One critical argument against 'peak oil' is that once we run out of conventional oil, we can switch over to what is referred to as 'unconventional oil' (referring to tar sands and oil shales). Here the critics offer an extremely wide range of figures to describe how long unconventional oil would last (from 100 to 1000 years). The author's argue that given that there is no oil crisis, then spending public money on developing alternative energy sources is 'a wasteful diversion.' (Note that their argument completely ignores the effects of global warming). They follow this with a bunch of propaganda designed to ridicule 'oil scares', by bringing up all kinds of deliberately ridiculous sounding examples from the past, in an attempt to show that 'oil scares' are a constantly recurring feature of life.
Because technology determines whether or not oil can be extracted economically, and because of the advance of technology, the authors point out that the over the last century, oil reserves have always kept pace with, or even grown faster than demand. From this line of reasoning they draw the strange sounding conclusion that oil is a 'renewable resource,' stating that "McCabe (1998) concluded
that crude oil reserves are comparable to food stocks held in a pantry or warehouse which are constantly replenished."
using the technology argument they state that conventional (pumpable) oil and gas constitutes only 5 per cent of available hydro carbons. The other 95 per cent are available in tar sands and shales, coal, and methane hydrates, and thus they suggest that as technology developes these oil resources will become cheap enough to exploit thus avoiding the catastrophe of peak oil.

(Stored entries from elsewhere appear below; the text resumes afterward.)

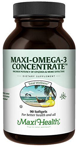 Maxi Health Research is proud to provide you with Maxi Omega 3 Concentrate. This fish oil is encapsulated in 90 enteric coated , kosher soft gels. Easy to digest and has no aftertaste. Enteric coating is a barrier applied to a capsule that protects from breakdown in the acidic environment of the stomach, but will breakdown rapidly in the alkaline environment of the small intestines. No fishy aftertaste, breath, or gastrointestinal discomfort. Maxi Omega 3 Concentrate is pure and potent, supplying you with 700 mg of EPA (Eicosapentaenoic Acid) and 440 mg of DHA (Docosahexaenoic Acid) per serving. Don’t leave Omega-3 levels to chance. Take Maxi Omega 3 Concentrate with D3 every day.Feature
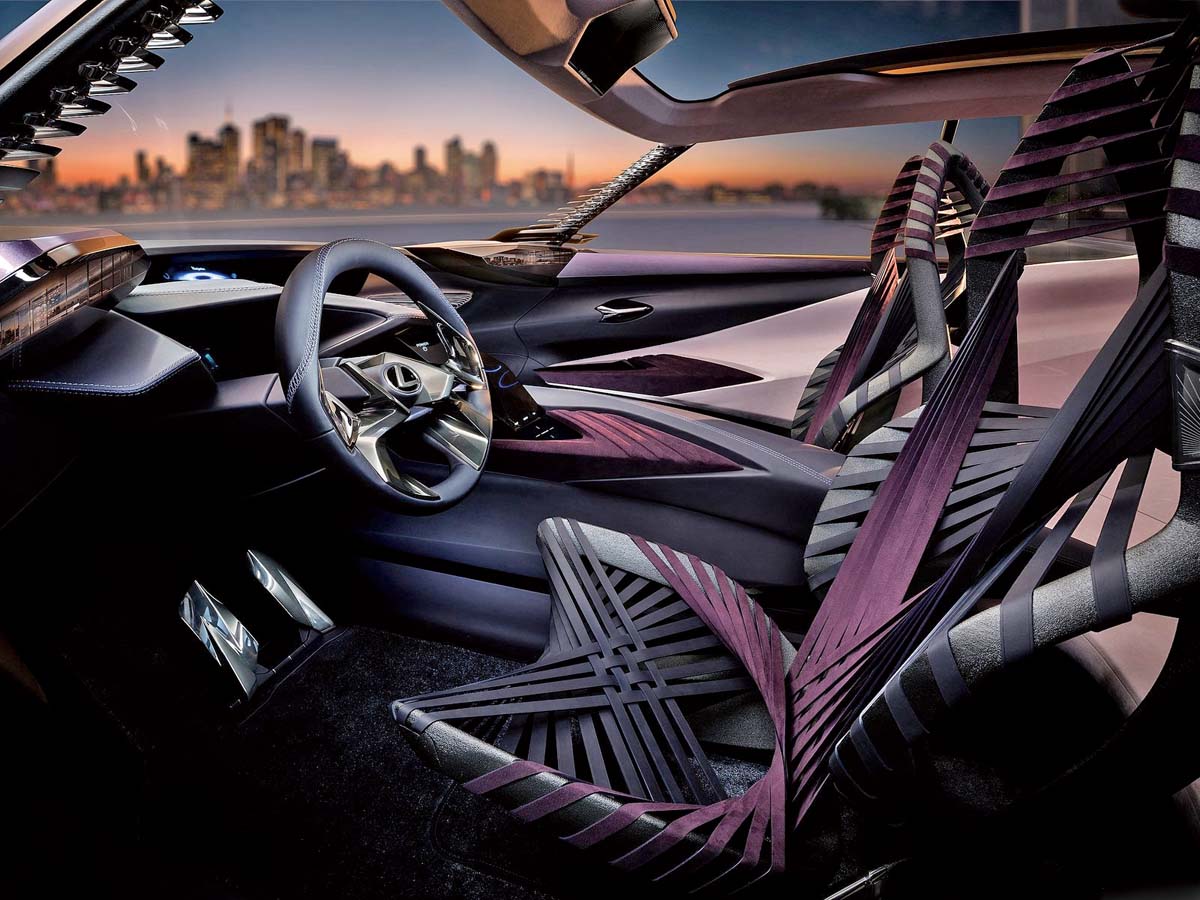 打開車門UX Concept的亮點也依舊滿滿,對開式門板設計不僅方便進出,無B柱設計更讓座艙空間竭盡所能的最大化,更厲害的是裡頭座椅採取編織式簍空設定,因此厚度輕薄到幾乎感覺不出存在,不僅換來最大可能的後座腿部空間,同時也造就前衛至極的設計感,加上根本科幻等級的3D立體投影式儀錶以及觸控式車載介面,如果量產版本果真如此呈現,那麼我們根本可以合理懷疑Lexus是不是已經在51區發現了外星科技?
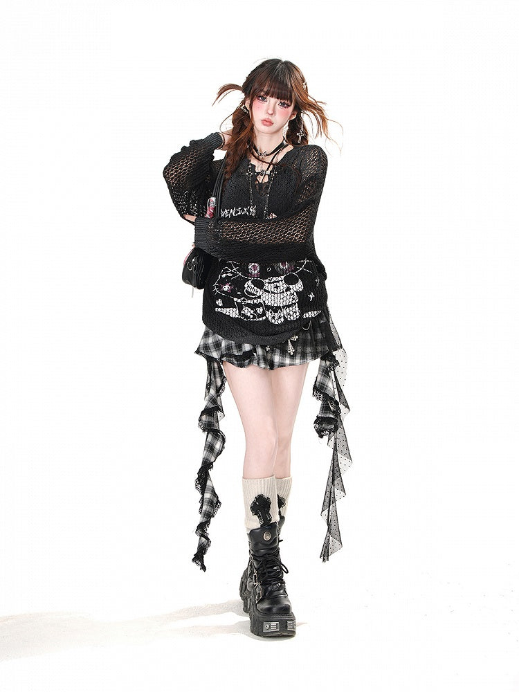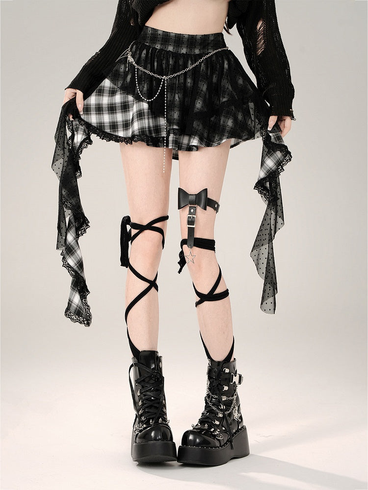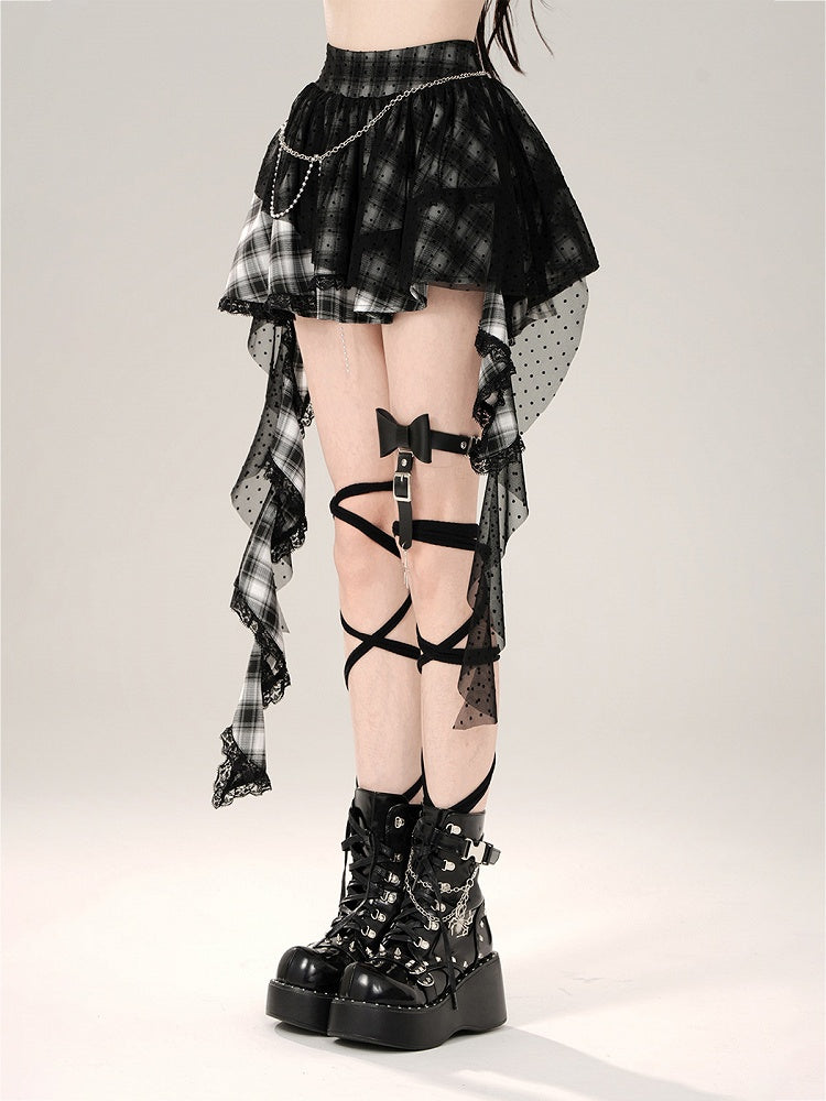 スカート裾は非対称メッシュパッチワークデザイン、ブラックのチェック柄、フリル付き水玉模様
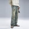 Men's Retro Patch Ripped Wide-Leg Jeans - Japanese Summer Style
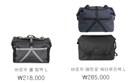 '버로우 롤 탑백', '버로우 매트로 워터루프백'.
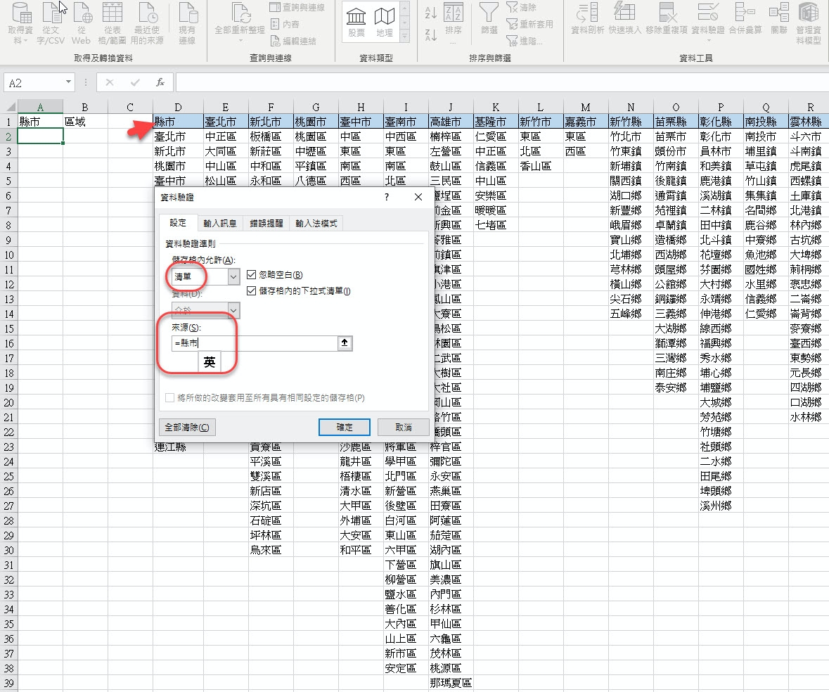 在第一個儲存格內允許選擇「清單」,第二個來源輸入剛剛建立的名稱「=縣市」,這裡就是看你標頭是打什麼就是什麼。
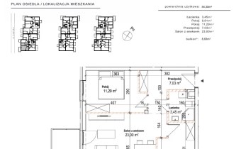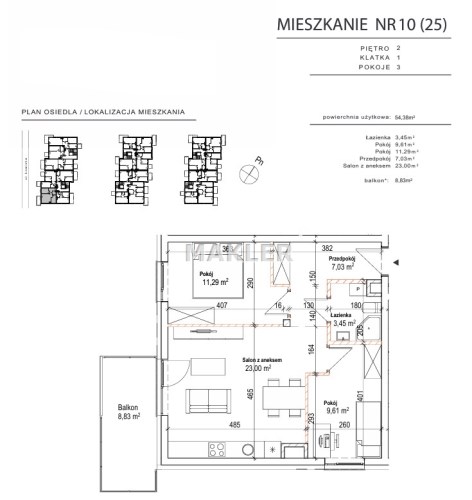 Przedstawiamy 2 pokojowe mieszkanie o powierzchni 54,38m2 na 2 piętrze kameralnego 2 piętrowego bloku z windą
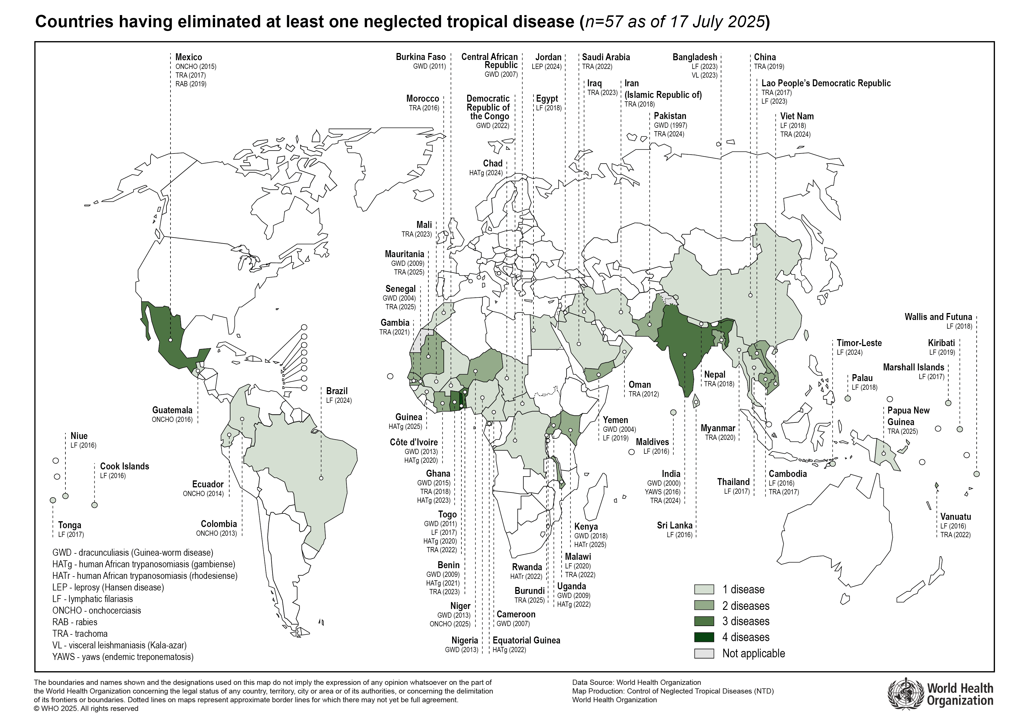 WHO. Countries having eliminated at least one neglected tropical disease. who.int https://www.who.int/images/default-source/maps/elimination_ntds.png?sfvrsn=bb12c410_10 (2025).
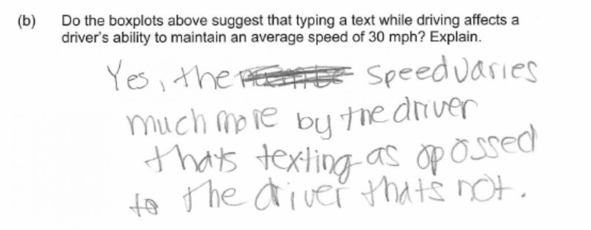 One final misconception is interpreting observed differences in the boxplots as evidence of proof. While this error was not very common, it does represent a serious misconception in terms of the types of conclusions that can be drawn from data. For example, in the following student response, the first part of the response correctly notes that the centers of the two groups are similar but that they differ in variability. But the student then goes on to say that “this proves that typing does affect average speed.” Based on just a visual comparison of boxplots, this is not a reasonable conclusion.
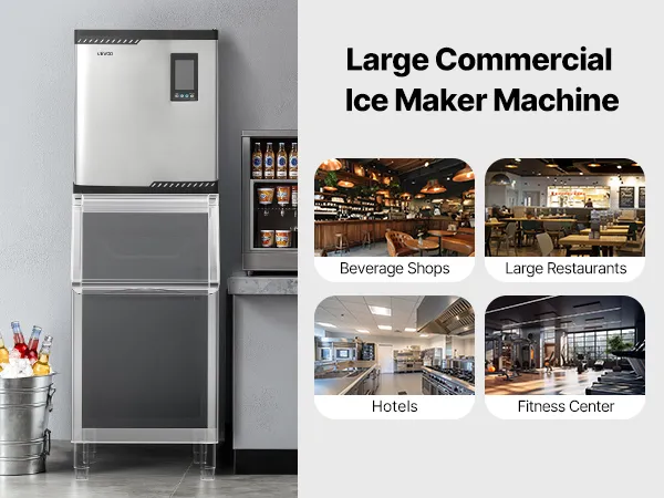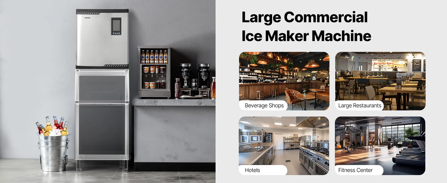 Машина для производства кубиков льда обеспечивает большую производительность льда, что делает ее идеальной для коммерческих кухонь, ресторанов, баров, гостиниц и магазинов напитков.
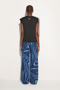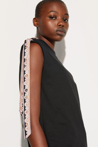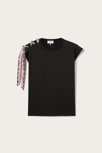 Decidedly minimal, yet full of character, perfect for those who love a modern, versatile style. This short-sleeved top, with its high neck and straight cut, stops elegantly at the waist, offering a clean, sophisticated silhouette. The drawstring detail on one of the sleeves adds a unique and distinctive touch, making the design simple yet memorablE. An essential item for any wardrobe, capable of fitting any occasion with elegance. - Black - Body: 100% Cotton - Belt: 100% Polyester - High neck - Short sleeves - Straight cut that falls at the waist - Lock on one sleeve - Wash very gently max 30°C. - Made in Italy - ID: 5HTP405H983999 - The model is 178 cm tall and wears a 38 italian size.
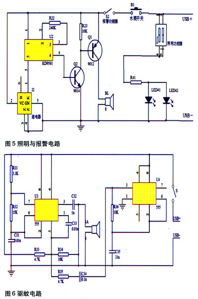 如圖5所示,當(dāng)按下預(yù)報警功能鍵時,USB輸出電壓加載在報警系統(tǒng)上,此時移動隨身電源處于"預(yù)報警"狀態(tài)。當(dāng)水銀開關(guān)B1位置偏移正常的斷開位置,將觸發(fā)繼電器工作,使KD9561音樂片工作,發(fā)出報警響聲,提醒注意安全。
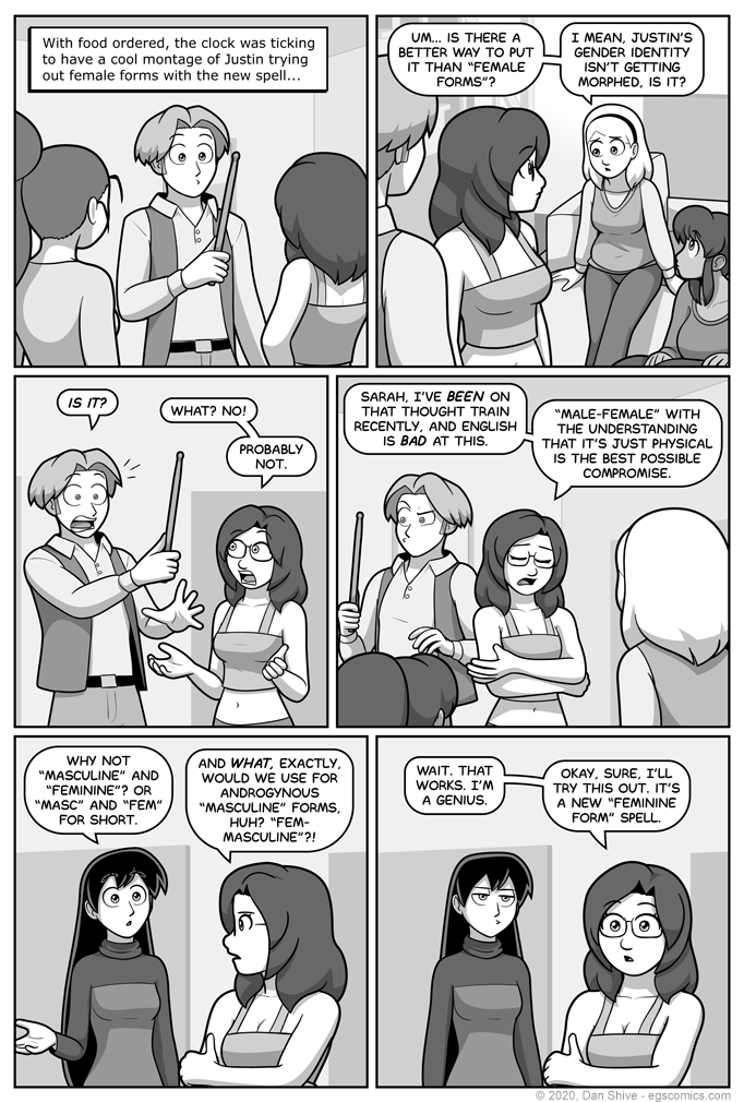 El Goonish Shive has a number of readers who are trans, and I've gotten a lot of comments over the years about "male" and "female" forms. I'm not suggesting every reader who is trans has an issue with it, but I know it doesn't sit well with a number of people.

However, as they mention, these unconventional hydro-carbons are not an energy source but rather they 'store energy'. What they mean hear is that it is so energy intensive to recover these materials that it takes more energy to recover them than they can supply as an energy source. Therefore, they suggest that nuclear power plants be built to supply the required energy to mine these unconventional hydro-carbons. They would then 'store' this nuclear energy in the form of fuel. Previously the authors had debunked research into energy alternatives as 'a wasteful diversion' but on reading this I cannot but help wonder why they don't advocate research into electric cars and then those nuclear power plants they are promoting could directly power the electric cars, skipping the step of 'storing' nuclear energy in these converted shales and tars, and also skipping that bit about putting more CO2 into the atmosphere by then burning those tar converted gases. Their argument just does not make sense, and they seem to be in love with tar sands (developing that technology is not 'a wasteful diversion' but a wonderful thing, while developing an electric car and skipping that tar sands altogether would be not doubt 'a wasteful diversion'. Similarly developing solar cells, which I would recommend be based on phosphorescent materials (that glow in the dark, already a natural collector, as well as naturally occuring solar battery) would allow us to skip those nuke plants they are peddling, and go directly to clean electrical vehicles, but this would they would consider 'a worthless diversion.' As I said, this does not make sense.
As they put it, "Manufactured hydrocarbons would not be an energy source so much as means of storing and transporting energy. With present day technology the process would be expensive and impractical. However, if a large scale source of cheap energy such as nuclear power were available if might eventually become economically feasible to engage in the mass production of synthetic hydrocarbons."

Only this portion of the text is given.